Congo-Kinshasa: L'assainissement de la ville de Matadi - Une valse pour Pathy Nzuzi

Préoccupé par l'assainissement de la ville portuaire de Matadi, porte d'entrée et de sortie de la République démocratique du Congo et ville touristique autrefois, le maire Pathy Nzuzi semble ne plus avoir de ressources ni de rhétoriques.

Pour une ville qui est pourrie et qui se meurt, se vautrant dans une insalubrité criante et honteuse, M. Nzuzi wa Makengedi ne sait plus par où commencer. Les artères publiques, l'éclairage public, les fuites d'eau, les immondices, la pollution sonore, les tapages nocturnes, les étalages encombrant rues et couloirs pour piétons et j'en passe... , sont là les fronts sur lesquels doit fourgonner le maire pour réussir l'assainissement de Matadi.

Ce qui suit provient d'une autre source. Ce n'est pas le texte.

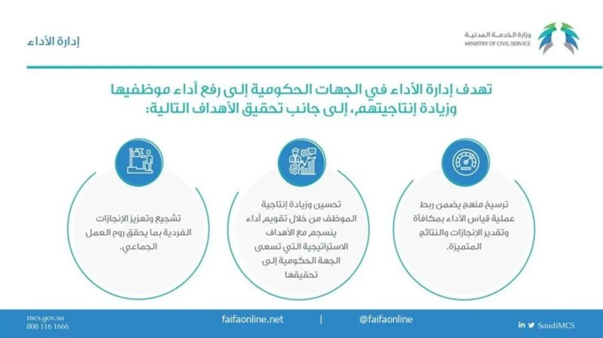 وأضافت وزارة الخدمة المدنية، أنه من ضمن الأهداف، ترسيخ منهج يضمن ربط عملية قياس الأداء بمكافأة وتقدير الإنجازات والنتائج المتميزة، بالإضافة إلى تشجيع وتعزيز الإنجازات الفردية بما يحقق روح العمل الجماعي.
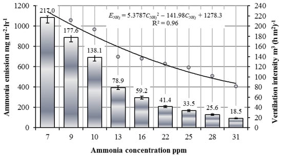 As the ventilation intensity increases, the ammonia concentration in the chamber decreases, and the emission increases rapidly []. As the ventilation intensity increases from 18.5 m3 (h m2)−1 to 217.0 m3(h m2)−1, the ammonia concentration decreases from 31 ppm to 7 ppm, and the emission increases from 406.4 mg m−2⋅h−1 to 1124.2 mg m−2⋅h−1. The researchers found a reliable correlation between the intensity of ammonia emission from manure and the concentration of ammonia above manure, which is expressed as a function of a second-order polynomial (R2 = 0.96) (Figure 9).
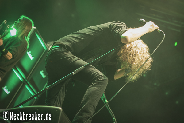 Es ist soweit, endlich sehe ich EXHORDER live. Wie bereits geschrieben hält sich die Euphorie dafür schwer zurück, woran liegt’s? Nun, nach all den Jahren, als sich EXHORDER reformiert und wieder getrennt haben, hat sich auch viel geändert, und einige Jahre sind ins Land gezogen. Mittlerweile ist nur noch Sänger Kyle Thomas von der Urbesetzung dabei, und auch wenn der Rest der Band sehr wertvolle Arbeit leistet, ist die Band meines Erachtens spätestens seit dem Weggang von Riffmeister Vinnie LaBella nicht mehr das Selbe. Abgesehen davon vermisste ich beim Reunion-Album „Mourn The Southern Skies“ vor vier Jahren einfach diesen einzigartigen rüden Gitarrensound, der schon damals seinesgleichen suchte. Im Vorfeld war ja schon klar, dass Waldemar Sorychta erneut an der zweiten Gitarre aushilft, da Pat O’Brien verständlicherweise noch Probleme beim Touren hat. Waldi hat sich allerdings schon zu Beginn der Tour das Bein gebrochen, so dass dieser auch gehandicapt auf die Bühne humpeln muss und mit drohendem Umfallen zu kämpfen hat.
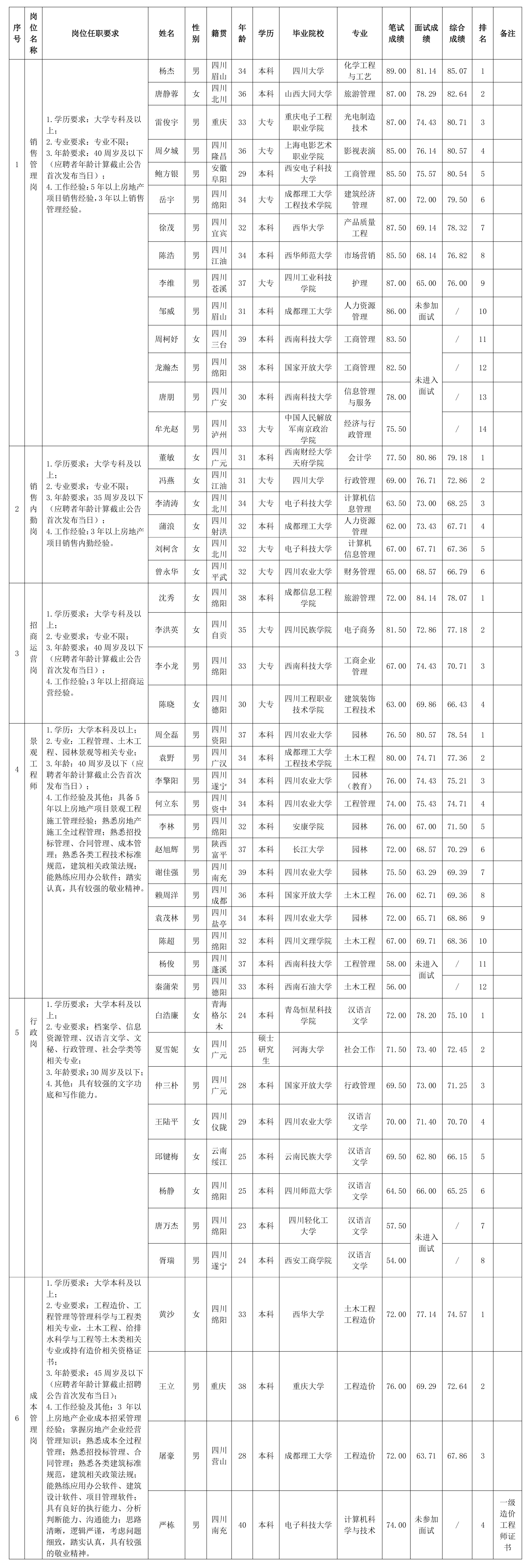 根据绵阳市15vip太阳集团官网置地有限公司发布的招聘公告及招聘相关规定,经笔试、面试等程序,现将笔试、面试成绩予以公示。
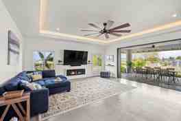 Designed with an open-concept floor plan, the home features a custom chef’s kitchen equipped with high-end appliances, generous prep space, and quality finishes throughout. Expansive sliding pocket doors create a true indoor-outdoor experience, opening to a spacious outdoor living area complete with a relaxing jacuzzi—perfect for entertaining or unwinding under the island sky.
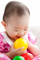 不過呢~鴨鴨寶貝對於一些比較複雜的玩具,她會聚精會神的研究,反而就不會笑了~所以那些照片~就可惜了~沒有選…
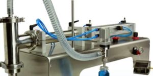 This machine is the semiautomatic piston type liquid filling machine This machine is reasonable in design, small and exquisite in model, the pneumatic part adopts the pneumatic components of Janatics make. The part contacting materials is made of 316L stainless steel. Both filling volume and filling speed can be adjusted at will, filling accuracy is high. Filling head adopts anti-leakage and lifting filling device.
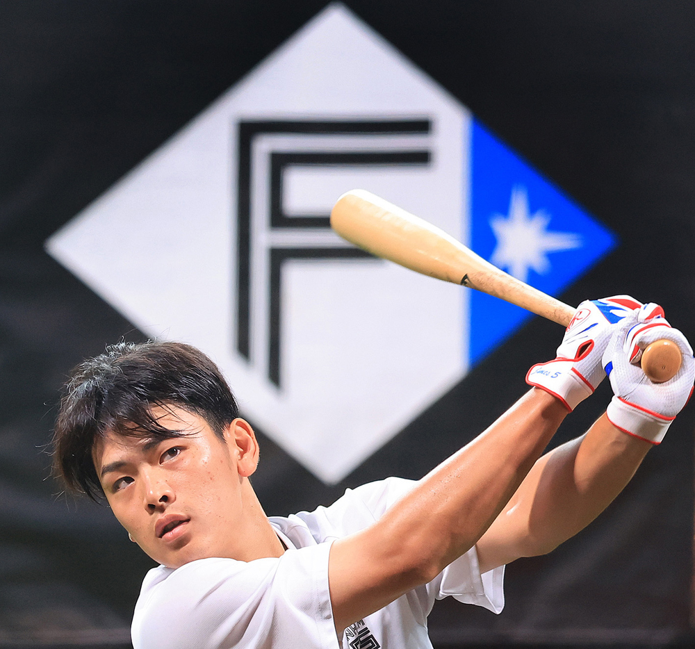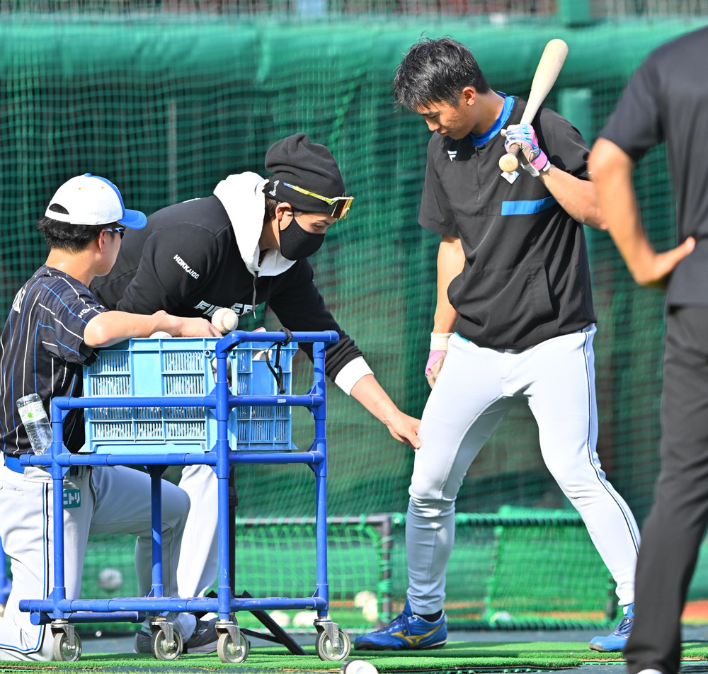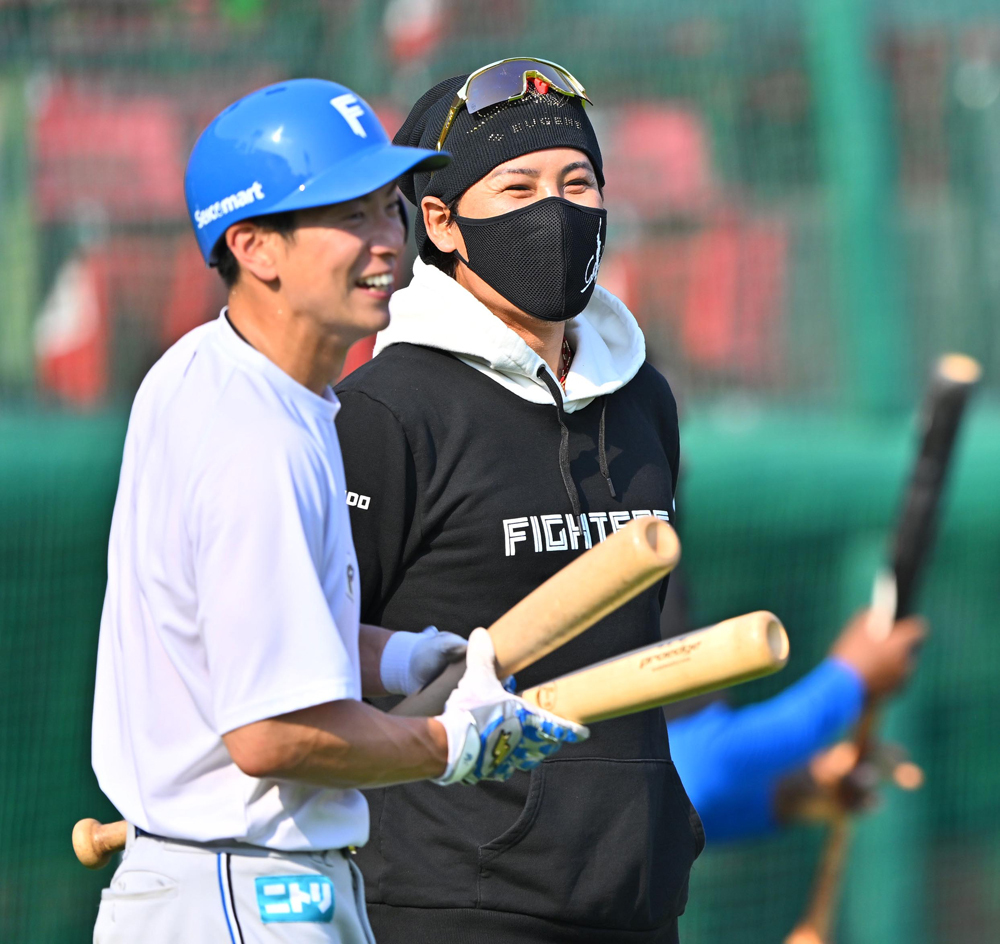 25日、試合前練習で松本剛(左)と話す新庄監督

Car, une vue aérienne fait paraître la ville, fleuron de la beauté, comme un bled bon aux réfugiés au regard de tous ces étalages, kiosques,... . construits le long de toutes les artères et voies publiques. Outre qu'ils (étalages, kiosques) avilissent la ville, ils servent aussi de lieux d'hébergement et logement ou nichoir aux enfants de rue et enfants sur la rue. Un autre front sur lequel le maire et le gouvernement tant national que provincial doivent batailler dur.

Face à cette situation déplorable, misérable, consécutive à l'insouciance des gouvernements du pays ayant fait de la politique le seul emploi au détriment de l'intérêt de la nation toute entière, la population pour ne pas se laisser tuer, s'est investie dans l'article 15 au mépris de toutes les lois, règles, normes et autres réglementations. Conséquence : tout se meurt, personne n'écoute personne, et c'est du laisser-faire. L'informel prend le dessus sur le formel ; tout le pays et toutes les couches sociales sont affectés.

Ainsi, les échoppes, étalages, étables envahissent rues, avenues encombrent trottoirs et autres emprises de l'Etat. Et enfin, vive l'insalubrité, destruction des routes et autres méfaits qui se comportent comme un charme, au bonheur des autorités qui, pince sans rire, se délectent de cette situation qui, au lieu de les déshonorer, les encense au contraire, parce qu'elles y roulent avec leurs grosses moulures sans se gêner. Oh quand le pouvoir rend fou, sourd, aveugle sinon despote.

Les quelques rares rationnels, s'ils ne sont pas hypocrites, tentent de sauver la situation et osent de prendre quelques initiatives en vue d'assainir le milieu par des manœuvres acrobatiques. Parmi ceux-là, Nzuzi wa Makengedi à Matadi. Première tentative dès son atterrissage : sécher le « lac » de 24-15 lui légué par Nzeyidio (13 ans durant). Il se cassa la dent, pas de thérapeutique. Deuxième essai : pendant que tant d'autres défis l'épient, c'est l'opération de destruction des kiosques, étalages, étables qui encombrent et envahissent la chaussée et les rues de la ville en la rendant sale et « vilaine ».

Amorcée depuis le 4 août dernier à partir de la ville basse entre le pont Pete-pete, dépôt Payvat, dépôt Bracongo, l'opération s'est arrêtée nette et les étalages détruits renaissent. Encore un autre échec ? On n'y est pas loin, car, comment un Makengedi peut aller au bout de sa logique dans un environnement où ces étalages sont partout ? La route Poto-poto d'Equitty-Bank jusqu'à Libongo, sur l'avenue de la Plaine, sur le tronçon Dragage - garage STA ; entre le TG Damar et Concession CVM ; de l'hôtel Métropole à l'Ami-Congo jusqu'au bureau des Affaires sociales de la SCTP sur l'avenue Luthelo (ex la Fontaine) ; le devant du Camp militaire Redjaf pour ne citer que ça en ville-basse et haute. Pourquoi l'opération s'est-elle arrêtée alors ? S'interroge-t-on.

On pense aux « calibres » des propriétaires ou protecteurs de ces échoppes. Ce n'est pas n'importe qui peut construire à ces endroits, et autant le maire doit user d'une rhétorique régale pour convaincre sinon il va s'y brûler, à moins s'il veut montrer ses pattes comme un mille-pattes qui se jette au feu.

En un mot comme en mille, il faut dire que l'assainissement de la ville se révèle être pour Pathy Nzuzi comme une épée sur le talon d'Achille. Y réussira ou pas ? Et par où commencer ? Quelles en sont les urgences ? Autant des questions que l'opinion se pose. Et y réussir serait un exploit d'héros.